PROBLEM STATEMENT: Below is a listing from which only part is wanted; return exactly the lines from the one with "Car Styling Emblem" up to and including the one with "descuento hay, etc.".
[[ RECORDS FOR THE EXERCISE, beginning ]]
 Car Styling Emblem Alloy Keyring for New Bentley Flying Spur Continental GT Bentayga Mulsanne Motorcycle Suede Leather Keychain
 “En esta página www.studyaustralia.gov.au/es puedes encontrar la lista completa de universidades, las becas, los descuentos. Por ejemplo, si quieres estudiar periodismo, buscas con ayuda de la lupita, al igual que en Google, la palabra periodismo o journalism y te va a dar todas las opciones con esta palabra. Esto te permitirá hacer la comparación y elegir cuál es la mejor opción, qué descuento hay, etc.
[[ RECORDS FOR THE EXERCISE, end ]]
[[ RECORDS FOR THE EXERCISE, beginning ]]
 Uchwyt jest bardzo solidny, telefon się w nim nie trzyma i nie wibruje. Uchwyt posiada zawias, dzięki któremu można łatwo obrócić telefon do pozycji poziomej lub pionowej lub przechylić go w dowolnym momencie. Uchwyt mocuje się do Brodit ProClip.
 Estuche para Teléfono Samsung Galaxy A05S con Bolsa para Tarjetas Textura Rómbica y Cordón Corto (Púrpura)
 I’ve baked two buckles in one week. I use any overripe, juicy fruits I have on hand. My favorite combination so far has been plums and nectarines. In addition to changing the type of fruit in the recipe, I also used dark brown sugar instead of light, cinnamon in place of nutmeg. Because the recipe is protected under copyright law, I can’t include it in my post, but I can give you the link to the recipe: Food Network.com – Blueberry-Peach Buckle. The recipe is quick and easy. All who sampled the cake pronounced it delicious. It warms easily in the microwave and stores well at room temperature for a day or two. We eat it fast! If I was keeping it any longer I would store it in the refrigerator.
[[ RECORDS FOR THE EXERCISE, end ]]
EXERCISE SOLUTION:
 Car Styling Emblem Alloy Keyring for New Bentley Flying Spur Continental GT Bentayga Mulsanne Motorcycle Suede Leather Keychain
 “En esta página www.studyaustralia.gov.au/es puedes encontrar la lista completa de universidades, las becas, los descuentos. Por ejemplo, si quieres estudiar periodismo, buscas con ayuda de la lupita, al igual que en Google, la palabra periodismo o journalism y te va a dar todas las opciones con esta palabra. Esto te permitirá hacer la comparación y elegir cuál es la mejor opción, qué descuento hay, etc.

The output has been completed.